* [Data supplied]:
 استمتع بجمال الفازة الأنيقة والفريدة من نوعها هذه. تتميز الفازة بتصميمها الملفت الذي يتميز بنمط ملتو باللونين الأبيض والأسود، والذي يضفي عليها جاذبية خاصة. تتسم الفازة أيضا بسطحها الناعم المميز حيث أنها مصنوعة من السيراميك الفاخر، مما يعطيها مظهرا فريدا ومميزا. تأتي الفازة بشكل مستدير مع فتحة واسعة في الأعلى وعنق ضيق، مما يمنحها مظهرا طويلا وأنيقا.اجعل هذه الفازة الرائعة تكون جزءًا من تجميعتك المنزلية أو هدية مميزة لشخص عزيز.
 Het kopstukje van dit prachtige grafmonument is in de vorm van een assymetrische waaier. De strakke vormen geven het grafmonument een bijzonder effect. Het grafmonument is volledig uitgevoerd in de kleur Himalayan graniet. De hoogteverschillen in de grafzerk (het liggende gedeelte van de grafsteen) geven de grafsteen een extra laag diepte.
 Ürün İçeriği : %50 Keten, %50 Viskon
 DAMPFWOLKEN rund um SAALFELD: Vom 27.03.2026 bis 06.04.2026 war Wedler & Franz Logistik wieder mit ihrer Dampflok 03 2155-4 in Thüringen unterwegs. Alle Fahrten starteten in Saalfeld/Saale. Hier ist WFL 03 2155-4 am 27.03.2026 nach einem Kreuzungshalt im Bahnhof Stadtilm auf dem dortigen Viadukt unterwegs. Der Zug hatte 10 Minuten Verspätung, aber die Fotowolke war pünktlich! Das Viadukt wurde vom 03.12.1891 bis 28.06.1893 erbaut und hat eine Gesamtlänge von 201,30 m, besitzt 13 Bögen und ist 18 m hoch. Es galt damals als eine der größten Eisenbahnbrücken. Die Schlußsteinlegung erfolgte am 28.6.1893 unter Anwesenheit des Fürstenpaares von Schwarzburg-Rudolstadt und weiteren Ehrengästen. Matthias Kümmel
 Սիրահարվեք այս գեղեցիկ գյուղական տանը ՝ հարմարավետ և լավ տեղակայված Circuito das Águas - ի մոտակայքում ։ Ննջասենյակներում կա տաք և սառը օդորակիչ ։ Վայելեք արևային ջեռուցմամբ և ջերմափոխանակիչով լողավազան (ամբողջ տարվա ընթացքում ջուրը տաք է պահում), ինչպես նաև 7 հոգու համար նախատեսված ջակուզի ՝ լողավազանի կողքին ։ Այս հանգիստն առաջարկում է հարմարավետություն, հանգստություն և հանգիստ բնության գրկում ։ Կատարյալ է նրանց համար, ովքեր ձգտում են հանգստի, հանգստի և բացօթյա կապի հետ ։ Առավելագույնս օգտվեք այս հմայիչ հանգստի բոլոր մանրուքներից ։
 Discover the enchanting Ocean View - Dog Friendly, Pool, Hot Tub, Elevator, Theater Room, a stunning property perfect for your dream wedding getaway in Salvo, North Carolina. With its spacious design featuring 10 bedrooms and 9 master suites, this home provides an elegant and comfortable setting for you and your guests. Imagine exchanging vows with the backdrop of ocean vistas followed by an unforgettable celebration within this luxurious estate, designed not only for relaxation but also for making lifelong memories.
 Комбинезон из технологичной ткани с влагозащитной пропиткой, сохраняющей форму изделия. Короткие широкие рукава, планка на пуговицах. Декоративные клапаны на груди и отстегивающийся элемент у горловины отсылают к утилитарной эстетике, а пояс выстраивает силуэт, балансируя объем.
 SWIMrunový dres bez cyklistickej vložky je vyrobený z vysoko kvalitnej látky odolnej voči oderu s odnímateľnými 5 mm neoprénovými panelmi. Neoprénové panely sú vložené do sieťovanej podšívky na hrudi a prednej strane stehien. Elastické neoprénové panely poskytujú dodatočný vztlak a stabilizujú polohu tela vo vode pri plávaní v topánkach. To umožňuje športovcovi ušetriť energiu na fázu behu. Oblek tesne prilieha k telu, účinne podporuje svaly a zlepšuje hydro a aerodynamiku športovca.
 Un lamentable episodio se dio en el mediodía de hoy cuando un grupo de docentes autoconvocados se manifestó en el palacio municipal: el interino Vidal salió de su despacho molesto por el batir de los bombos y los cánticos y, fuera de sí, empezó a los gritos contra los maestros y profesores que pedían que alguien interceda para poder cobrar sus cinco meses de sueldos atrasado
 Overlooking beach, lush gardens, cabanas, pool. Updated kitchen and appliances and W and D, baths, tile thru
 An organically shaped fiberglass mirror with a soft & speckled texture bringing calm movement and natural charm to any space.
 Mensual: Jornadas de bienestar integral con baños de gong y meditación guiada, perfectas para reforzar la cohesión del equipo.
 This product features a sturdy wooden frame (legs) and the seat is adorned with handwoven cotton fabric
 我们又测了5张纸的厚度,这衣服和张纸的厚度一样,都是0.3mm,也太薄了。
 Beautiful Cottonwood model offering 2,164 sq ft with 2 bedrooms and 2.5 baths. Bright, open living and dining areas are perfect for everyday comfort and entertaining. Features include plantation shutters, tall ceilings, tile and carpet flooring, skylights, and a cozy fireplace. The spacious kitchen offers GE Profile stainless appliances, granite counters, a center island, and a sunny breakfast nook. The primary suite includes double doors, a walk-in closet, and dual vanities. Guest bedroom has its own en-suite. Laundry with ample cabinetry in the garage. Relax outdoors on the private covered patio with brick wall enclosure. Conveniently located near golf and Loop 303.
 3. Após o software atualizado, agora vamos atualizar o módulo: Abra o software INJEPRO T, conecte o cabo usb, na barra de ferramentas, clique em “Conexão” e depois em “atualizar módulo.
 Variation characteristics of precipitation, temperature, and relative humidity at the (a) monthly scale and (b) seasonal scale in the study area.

* [Task goal]: Pull out each line of the records holding the string "kitchen".

* [Result]:
 Overlooking beach, lush gardens, cabanas, pool. Updated kitchen and appliances and W and D, baths, tile thru
 Beautiful Cottonwood model offering 2,164 sq ft with 2 bedrooms and 2.5 baths. Bright, open living and dining areas are perfect for everyday comfort and entertaining. Features include plantation shutters, tall ceilings, tile and carpet flooring, skylights, and a cozy fireplace. The spacious kitchen offers GE Profile stainless appliances, granite counters, a center island, and a sunny breakfast nook. The primary suite includes double doors, a walk-in closet, and dual vanities. Guest bedroom has its own en-suite. Laundry with ample cabinetry in the garage. Relax outdoors on the private covered patio with brick wall enclosure. Conveniently located near golf and Loop 303.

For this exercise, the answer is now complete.